● **Work task**: Only text lines belong in the answer: the lines from the first one in the records through the line with "[if applicable]. |", copied exactly.

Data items
────────────────
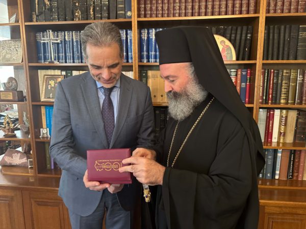 At the end of the meeting, the Archbishop presented Ambassador Venizelos with a commemorative series of coins which were cut for the centenary celebrations of the Holy Archdiocese of Australia, while, before their departure, the two diplomats were guided to the Cathedral of the Annunciation of Our Lady, in which the planned renovation works are in full progress.
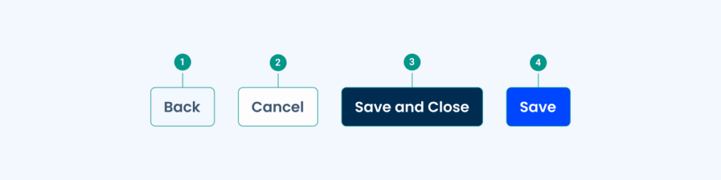| 3 | Primary Grey Button | Save and Close, secondary button [if applicable]. |
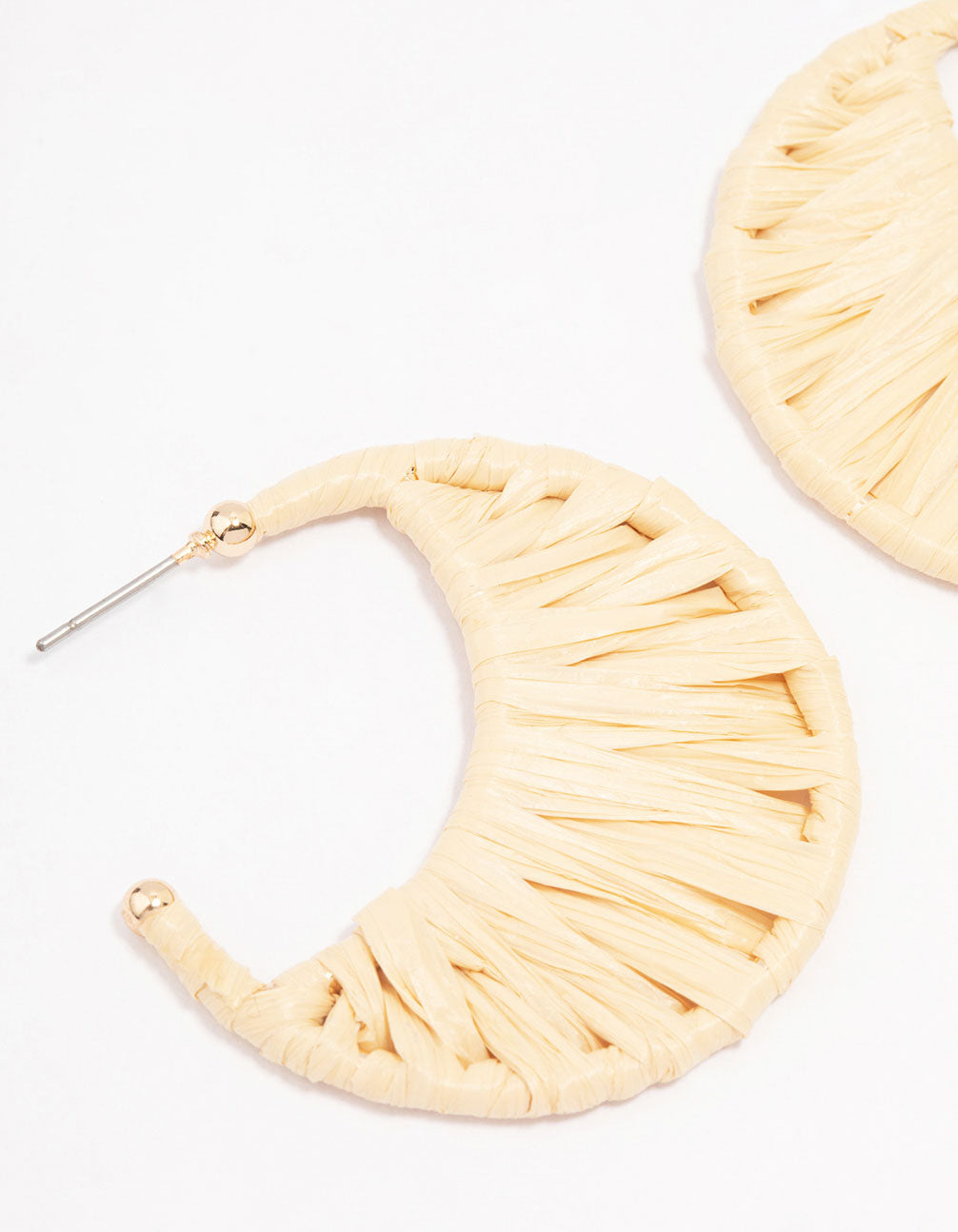 These unique hoop earrings feature a bold, crescent shape crafted from a cream-coloured fabric for a textural touch.
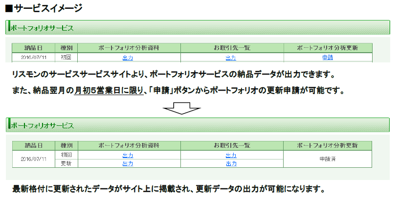 与信管理ASPクラウドサービスを提供するリスクモンスター株式会社( 以下リスモン、本社: 東京都中央区、http://www.riskmonster.co.jp/)は、2016年7月17日(日)より、リスモンのサービスサイトにてポートフォリオサービスの納品データを出力したり、データ更新後の最新の格付で納品データを更新したりすることができる「ポートフォリオサービスWeb管理機能」(以下 本サービス)の提供を開始いたします。
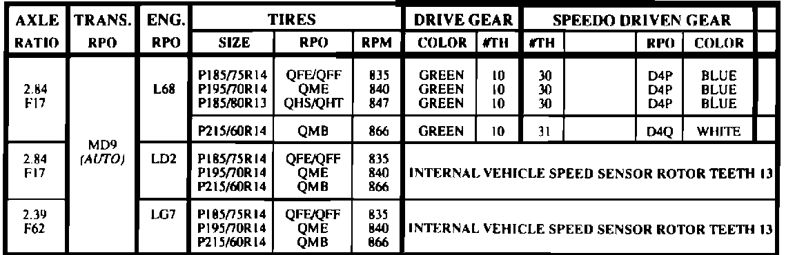 The following chart has been updated and replaces the speedometer gear chart shown in Section 7A of the 1990 Buick Skylark Service Manual, Page 7A-35.
────────────────
● **Solution to the exercise**:
 At the end of the meeting, the Archbishop presented Ambassador Venizelos with a commemorative series of coins which were cut for the centenary celebrations of the Holy Archdiocese of Australia, while, before their departure, the two diplomats were guided to the Cathedral of the Annunciation of Our Lady, in which the planned renovation works are in full progress.
| 3 | Primary Grey Button | Save and Close, secondary button [if applicable]. |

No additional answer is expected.